I loved Madeleine L'Engle's work. Strangely, the novels of hers I loved best were not the fantasy series, beginning with A Wrinkle in Time, though that was the first of her books I read and of course the most famous. I thought her best books were the ones in a series of vaguely mystery suspense stories, starting with The Young Unicorns, and continuing through The Arm of the Starfish and Dragons in the Waters. Who can forget Canon Tallis, a marvellous character?

And A Ring of Endless Light is probably her best book of all. It's a lovely novel, less well known than it should be.

Her work was always thoughtful and filled with light.
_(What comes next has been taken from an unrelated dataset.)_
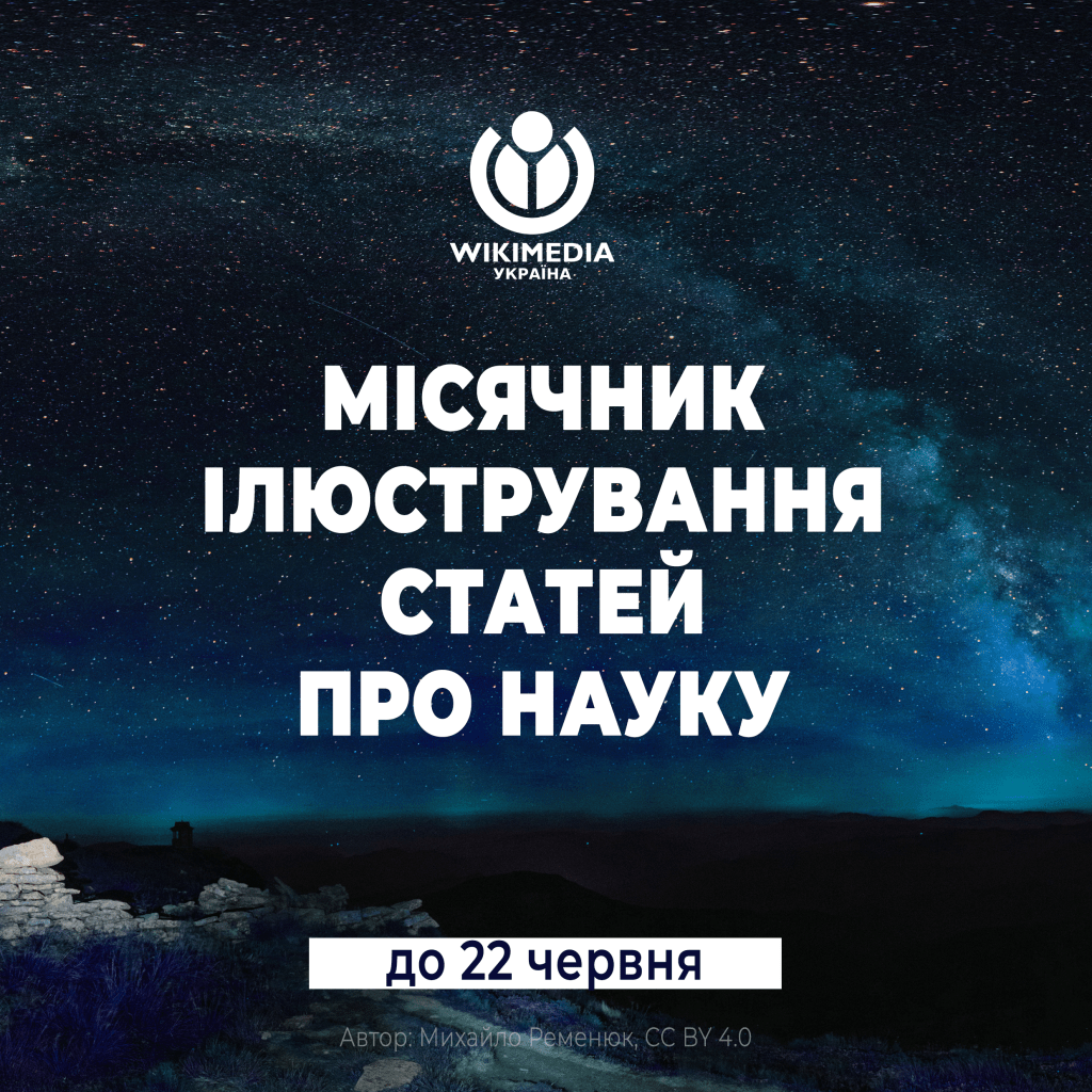 Сьогодні розпочався Місячник ілюстрування статей про науку, ця тематична кампанія триватиме до 22 червня. Її мета — проілюструвати Вікіпедію та Вікідані світлинами, поданими на український етап Конкурсу наукових зображень.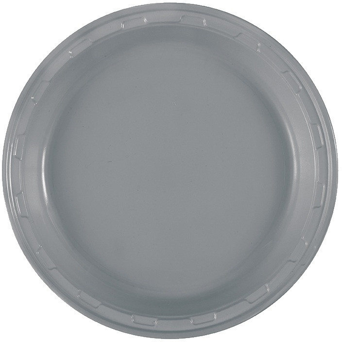 Serve your favorite party foods on these Silver Gray Dinner Plates! These sturdy round plastic plates feature a gray color with a slight sheen. Package includes 50 count 10in plates.

Her death is a sadness, but we have a great legacy in her books.
Friday, September 7th, 2007 06:35 pm (UTC)
I too am sad. I still remember the first time I read A Ring of Endless Light. I got it from the library in that edition with the cover art that had Vicky and the dolphin in a ring bisecting the horizon line of sky and sea. It had a good weight, and the comforting smell of eighties library paper. I knew before I opened it that I would love it.

The religious sensibility that permeated her books--of a sort I don't share--turned me off sometimes, but for the most part, she never let her faith get in the way of a good story. Sort of like the anti-CS Lewis.
Friday, September 7th, 2007 09:04 pm (UTC)
I know what you mean about the religious sensibility. I think that's why I wasn't as fond of the fantasy novels, where it was more overt, and grew more so as the series continued. Somehow the suspense books, even with a Canon as a main character, were more about values of a general kind than specific Biblical religion.